The LMCache Kubernetes operator automates the deployment and lifecycle management of LMCache multiprocess servers. Instead of hand-writing DaemonSets, Services, and ConfigMaps (as described in the manual Deployment Guide guide), you declare a single LMCacheEngine custom resource and the operator reconciles all underlying Kubernetes objects.

Why Use the Operator#

The manual DaemonSet approach works, but it has sharp edges the operator eliminates:

  • Auto-injected pod settings – The operator always sets hostIPC: true and --host 0.0.0.0. Forgetting hostIPC in a hand-written manifest causes silent CUDA IPC failures (cudaErrorMapBufferObjectFailed) that are hard to debug.

  • Node-local service discovery – The operator creates a ClusterIP Service with internalTrafficPolicy=Local and a connection ConfigMap that vLLM pods simply mount. No hostNetwork, no Downward API, no shell variable substitution.

  • Auto-computed resource sizing – Memory requests and limits are derived from l1.sizeGB, avoiding OOM kills (under-provisioned) or wasted node capacity (over-provisioned).

  • Declarative Prometheus integration – Set prometheus.serviceMonitor.enabled: true and the operator creates a ServiceMonitor CR that the Prometheus Operator discovers automatically.
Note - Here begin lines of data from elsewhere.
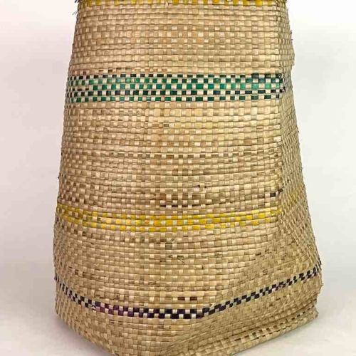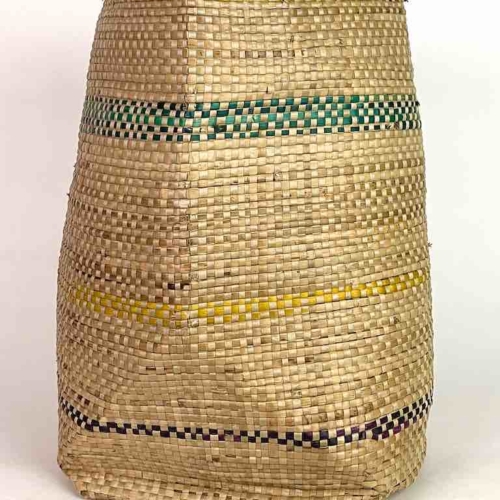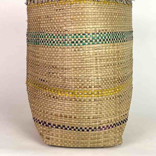Handwoven from local swampgrass in the lowlands of coastal Togo, West Africa this baskets is the natural color of the straw, decoratively accented with dark green vertical stripes. This basket is not a replica: it is a one of a kind product, originally made for local tribal use. The Mina people in this area of Africa use this basket to carry just about anything they need to carry, to store items and to keep items available in markets for sale. This basket is 18″ tall (46 cm) x 10″ top opening diam. (25.4 cm) x 14″ widest diameter (35.5″)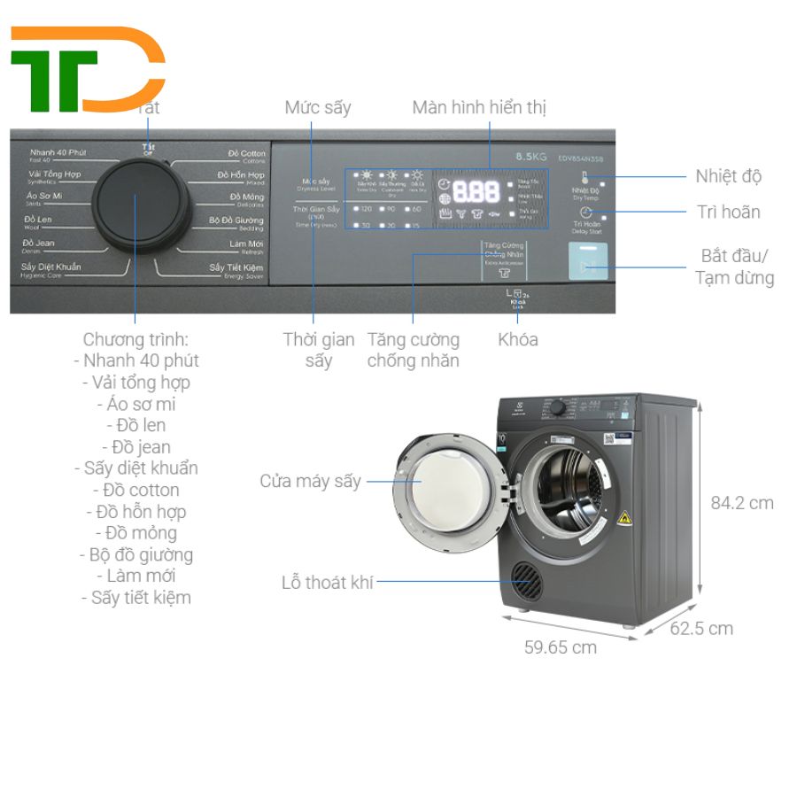 MÁY SẤY THÔNG HƠI ELECTROLUX 8.5KG EDV854N3SB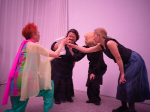 実際、上演は「今の気持ち」をめぐるやりとりから始まり、その後しばらく「声のない時間」が続く。観客は一人のパフォーマーの指示に「何となく」従い、さらに肩に触れる、驚いた顔をする、両手を差し出す、怒った顔をつくる、重い物を渡すふりをするといった、細かなジェスチャーの連鎖に巻き込まれていく。別のパフォーマーによって、それはより大きな身ぶりへと変えられる。つまり導入部で起きているのは、「参加」そのものではなく、他者の身ぶりに身体を合わせるための調律である。観客は自己表現する主体としてではなく、まず見ること、触れること、真似ること、遅れて反応することを通じて、場の一部になっていく。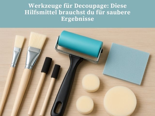 Wenn du die passenden Werkzeuge für Decoupage nutzt, wirst du schnell merken, wie viel ruhiger und gleichmäßiger deine Ergebnisse aussehen. Weiche Pinsel, Roller, Schwämmchen und feines Schleifpapier gehören zu einer gut ausgestatteten Grundausrüstung. Sie erleichtern dir das Aufbringen von Decoupagepapier und unterstützen dich dabei, saubere Kanten und glatte Lackschichten zu erzielen. Noch mehr Grundlagen findest du im Artikel „Was ist Decoupage?“. Wenn du zusätzlich mehr über Papierarten, Vorbereitung und grundlegende Techniken erfahren willst, hilft dir das Decoupage Basiswissen weiter.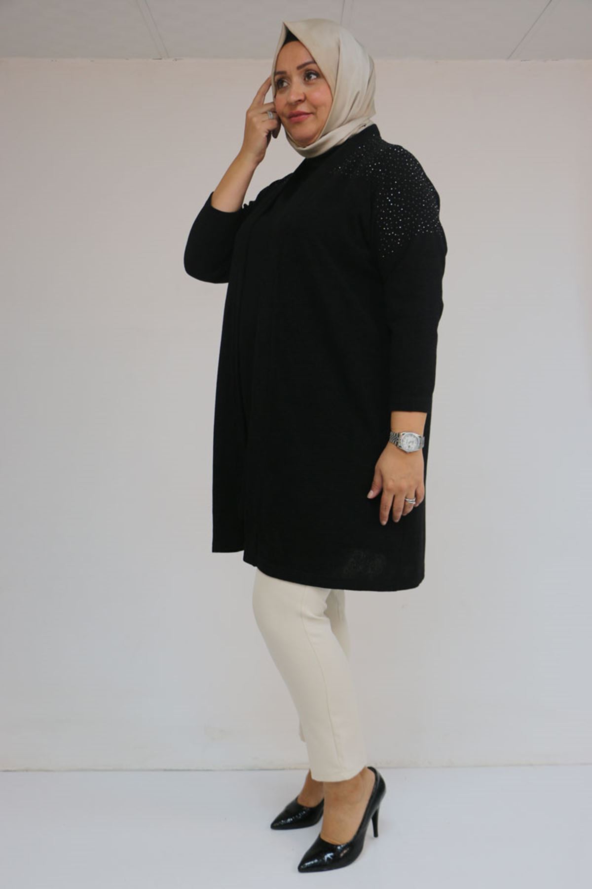 53047 Büyük Beden Omzu Taş Detaylı Mir Ceket - Siyah

  • CRD validation – OpenAPI schema validation catches misconfigurations (e.g., l1.sizeGB <= 0, invalid port range) at kubectl apply time, before any pods are created.

Prerequisites#

  • Kubernetes 1.20+

  • kubectl configured to access your cluster

  • (Optional) Prometheus Operator for ServiceMonitor support

Installing the Operator#

Option A: One-line install from release (recommended)

# Latest stable release
kubectl apply -f https://github.com/LMCache/LMCache/releases/download/operator-latest/install.yaml

# Or nightly build from the dev branch
kubectl apply -f https://github.com/LMCache/LMCache/releases/download/operator-nightly-latest/install.yaml

Option B: Build from source

cd operator
make build
make install
make deploy IMG=<your-registry>/lmcache-operator:latest

Deploying an LMCacheEngine#

A minimal CR deploys a DaemonSet with 60 GB L1 cache on every GPU node:

apiVersion: lmcache.lmcache.ai/v1alpha1
kind: LMCacheEngine
metadata:
  name: my-cache
spec:
  l1:
    sizeGB: 60
kubectl apply -f lmcache-engine.yaml

The operator automatically:

  • Creates a DaemonSet running one LMCache server pod per matched node

  • Sets hostIPC: true and passes --host 0.0.0.0 to the server

  • Creates a node-local ClusterIP Service for vLLM discovery

  • Creates a connection ConfigMap (my-cache-connection) with the kv-transfer-config JSON that vLLM needs

  • Auto-computes resource requests/limits from the L1 cache size

  • Defaults nodeSelector to nvidia.com/gpu.present: "true"

Note

The operator defaults the container image to lmcache/vllm-openai:latest. Override with spec.image.repository and spec.image.tag to pin a specific version.

Connecting vLLM#

The operator creates a ConfigMap named <engine-name>-connection containing the kv-transfer-config JSON. Mount it in your vLLM Deployment:

apiVersion: apps/v1
kind: Deployment
metadata:
  name: vllm
spec:
  replicas: 1
  selector:
    matchLabels:
      app: vllm
  template:
    metadata:
      labels:
        app: vllm
    spec:
      # Required for CUDA IPC between vLLM and LMCache
      hostIPC: true
      containers:
        - name: vllm
          image: lmcache/vllm-openai:latest
          env:
            # Deterministic hashing required by LMCache
            - name: PYTHONHASHSEED
              value: "0"
          command: ["/bin/sh", "-c"]
          args:
            - |
              exec python3 -m vllm.entrypoints.openai.api_server \
                --model <your-model> \
                --port 8000 \
                --gpu-memory-utilization 0.8 \
                --kv-transfer-config "$(cat /etc/lmcache/kv-transfer-config.json)"
          ports:
            - name: http
              containerPort: 8000
          volumeMounts:
            - name: kv-transfer-config
              mountPath: /etc/lmcache
              readOnly: true
          resources:
            limits:
              nvidia.com/gpu: "1"
      volumes:
        - name: kv-transfer-config
          configMap:
            name: my-cache-connection  # <engine-name>-connection

Key requirements for vLLM pods:

  • hostIPC: true – CUDA IPC (cudaIpcOpenMemHandle) needs a shared IPC namespace between vLLM and LMCache.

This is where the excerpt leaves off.